= 2002–03 UEFA Champions League knockout stage =

International football competition

The knockout stage of the 2002–03 UEFA Champions League ran from 8 April 2003 until the final at Old Trafford in Manchester, England, on 28 May 2003. The knockout stage involved the eight teams who finished in the top two in each of their groups in the second group stage.

Each tie in the knockout stage, apart from the final, was played over two legs, with each team playing one leg at home. The team that has the higher aggregate score over the two legs will progress to the next round. If aggregate scores finish level, the team that scored more goals away from home over the two legs will progress. If away goals are also equal, 30 minutes of extra time are played. If there are goals scored during extra time and the aggregate score is still level, the visiting team qualifies by more away goals scored. If no goals are scored during extra time, there will be a penalty shoot-out after extra time.

In the draw for the quarter-finals, matches are played between the winner of one group and the runner-up of a different group, with the group winner hosting the second leg.

In the final, the tie was played over just one leg at a neutral venue. If scores were level at the end of normal time in the final, then 30 minutes of silver goal extra time was applied, whereby the team who leads the game at the half-time break during the extra period would be declared the winner. If the scores were still level after the initial 15 minutes of extra time, the play would continue for a further 15 minutes. If teams still tied, the tie was decided by penalty shoot-out.

Times are CEST (UTC+2) as listed by UEFA (local times, if different, are in parentheses).

==Qualified teams==
The knockout staged involved the eight teams which qualified as winners and runners-up of each of the four groups in the second group stage.

| Group | Winners (seeded in quarter-final draw) | Runners-up (unseeded in quarter-final draw) |
|---|---|---|
| A | Barcelona | Internazionale |
| B | Valencia | Ajax |
| C | Milan | Real Madrid |
| D | Manchester United | Juventus |

==Quarter-finals==

===Summary===

| Team 1 | Agg.
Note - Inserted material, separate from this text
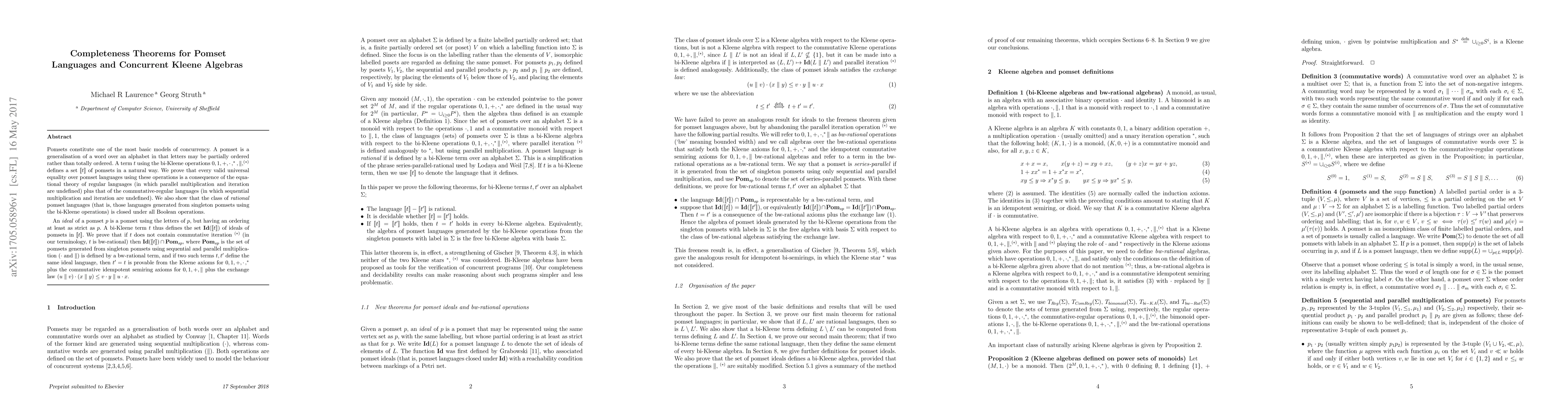 This paper proves completeness theorems for pomset languages and concurrent Kleene algebras, showing that universal equalities over these languages are consequences of the equational theory of regular and commutative-regular languages. It also demonstrates the closure of rational pomset languages under Boolean operations and establishes conditions for the characterization of ideal pomsets defined by bi-Kleene terms.

Tooltip Aggregate score | Team 2 | 1st leg | 2nd leg |
|---|---|---|---|---|
| Real Madrid | 6–5 | Manchester United | 3–1 | 3–4 |
| Ajax | 2–3 | Milan | 0–0 | 2–3 |
| Internazionale | 2–2 (a) | Valencia | 1–0 | 1–2 |
| Juventus | 3–2 | Barcelona | 1–1 | 2–1 (a.e.t.) |

===Matches===

Real Madrid 3-1 Manchester United
  Real Madrid: Figo 12', Raúl 28', 49'
  Manchester United: Van Nistelrooy 52'

Manchester United 4-3 Real Madrid
  Manchester United: Van Nistelrooy 43', Helguera 52', Beckham 71', 85'
  Real Madrid: Ronaldo 12', 50', 59'
Real Madrid won 6–5 on aggregate.
----

Ajax 0-0 Milan

Milan 3-2 Ajax
  Milan: Inzaghi 30', Shevchenko 65', Tomasson
  Ajax: Litmanen 63', Pienaar 78'
Milan won 3–2 on aggregate.
----

Internazionale 1-0 Valencia
  Internazionale: Vieri 14'

Valencia 2-1 Internazionale
  Valencia: Aimar 7', Baraja 51'
  Internazionale: Vieri 5'
2–2 on aggregate; Internazionale won on away goals.
----

Juventus 1-1 Barcelona
  Juventus: Montero 16'
  Barcelona: Saviola 78'

Barcelona 1-2 Juventus
  Barcelona: Xavi 66'
  Juventus: Nedvěd 53', Zalayeta 114'
Juventus won 3–2 on aggregate.

==Semi-finals==

===Summary===
For the Milan v Internazionale tie, both clubs played their home leg in the same stadium (the San Siro), but Milan were the designated away side in the second leg, and thus won on away goals.

| Team 1 | Agg. Tooltip Aggregate score | Team 2 | 1st leg | 2nd leg |
|---|---|---|---|---|
| Real Madrid | 3–4 | Juventus | 2–1 | 1–3 |
| Milan | 1–1 (a) | Internazionale | 0–0 | 1–1 |

===Matches===

Real Madrid 2-1 Juventus
  Real Madrid: Ronaldo 23', Roberto Carlos 73'
  Juventus: Trezeguet 45'

Juventus 3-1 Real Madrid
  Juventus: Trezeguet 12', Del Piero 43', Nedvěd 73'
  Real Madrid: Zidane 89'
Juventus won 4–3 on aggregate.
----

Milan 0-0 Internazionale

Internazionale 1-1 Milan
  Internazionale: Martins 84'
  Milan: Shevchenko
1–1 on aggregate; Milan won on away goals.

==Final==

The final was played on 28 May 2003 at Old Trafford in Manchester, England.